**Customer lifetime value** analysis is used to estimate the total value of customers to the business over the lifetime of their relationship.

It helps businesses **make data-driven decisions** on how to allocate their resources and improve their customer relationships.

It helps companies determine how much to invest in customer acquisition and retention.

**Customer acquisition**

The process of **attracting new customers** to a business. This involves marketing and sales teams identifying potential customers and converting them into paying customers.

**Customer retention**

The process of **maintaining and growing relationships** with existing customers. This involves customer success and support teams nurturing relationships and ensuring customers' ongoing success with the brand.
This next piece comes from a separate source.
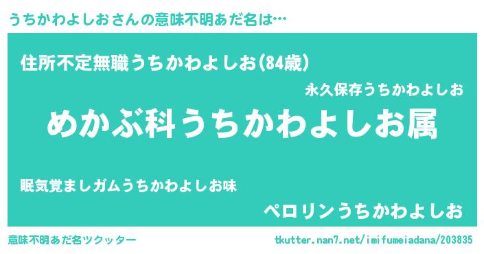 | ヘコむあだ名 | 『うちもー』『うちかわよしお(震え声)』 |

For the Customer Lifetime Value analysis task, we need a dataset based on customers’ relationships with the business.

Dataset Link:

https://statso.io/customer-lifetime-value-analytics-case-study/

In [2]:
import pandas as pd
import plotly.graph_objs as go
import plotly.express as px
import plotly.io as pio
pio.templates.default = "plotly_white"


In [3]:
data = pd.read_csv("customer_acquisition_data.csv")
data.head()

Unnamed: 0,customer_id,channel,cost,conversion_rate,revenue
0,1,referral,8.320327,0.123145,4199
1,2,paid advertising,30.450327,0.016341,3410
2,3,email marketing,5.246263,0.043822,3164
3,4,social media,9.546326,0.167592,1520
4,5,referral,8.320327,0.123145,2419


In [4]:
# Let’s start by visualizing the distribution of acquisition cost and revenue generated by the customer using histograms:

fig = px.histogram(data, x="cost", nbins=20, title='Distribution of Acquisition Cost')

fig.show()

In [5]:
fig = px.histogram(data, x="revenue", nbins=20, title='Distribution of Revenue')

fig.show()

In [6]:
# Now let’s compare the cost of acquisition across different channels and identify the most and least profitable channels:


cost_by_channel = data.groupby('channel')['cost'].mean().reset_index()


In [7]:
fig = px.bar(cost_by_channel, x='channel', y='cost', title='Customer Acquisition Cost by Channel')

fig.show()

So paid advertisement is the most expensive channel, and email marketing is the least expensive channel.

Now let’s see which channels are most and least effective at converting customers:


In [8]:
conversion_by_channel = data.groupby('channel')['conversion_rate'].mean().reset_index()


In [9]:
fig = px.bar(conversion_by_channel, x='channel', y='conversion_rate', title='Conversion Rate by Channel')

fig.show()

Social media is the most effective channel for converting customers, while paid advertising is the least effective.

Now let’s calculate the total revenue by channel and have a look at the most and least profitable channels in terms of generating revenue:

In [10]:
revenue_by_channel = data.groupby('channel')['revenue'].sum().reset_index()


In [11]:
fig = px.pie(revenue_by_channel, values='revenue',
             names='channel', title='Total Revenue by Channel',
             hole=0.6, color_discrete_sequence=px.colors.qualitative.Pastel)

fig.show()

So email marketing is the most profitable channel in terms of generating revenue.

But there’s not a huge difference between the percentages of revenue generation from all the channels to call any channel the least profitable channel.

Now let’s calculate the return on investment (ROI) for each channel:

In [12]:
data['roi'] = data['revenue'] / data['cost']

In [13]:
roi_by_channel = data.groupby('channel')['roi'].mean().reset_index()

In [14]:
fig = px.bar(roi_by_channel,
             x='channel',
             y='roi', title='Return on Investment (ROI) by Channel')
fig.show()

The ROI from email marketing is way higher than all other channels, while the ROI from paid advertising is the lowest.

Now let’s calculate the customer lifetime value from each channel. Based on the data we have, we can use the formula mentioned below to calculate CLTV:

CLTV = (revenue – cost) * conversion_rate / cost

In [15]:
data['cltv'] = (data['revenue'] - data['cost']) * data['conversion_rate'] / data['cost']

In [16]:
channel_cltv = data.groupby('channel')['cltv'].mean().reset_index()

In [17]:
fig = px.bar(channel_cltv, x='channel', y='cltv', color='channel',
             title='Customer Lifetime Value by Channel')

fig.update_xaxes(title='Channel')
fig.update_yaxes(title='CLTV')

fig.show()

So the customer lifetime value from Social Media and the referral channels is the highest.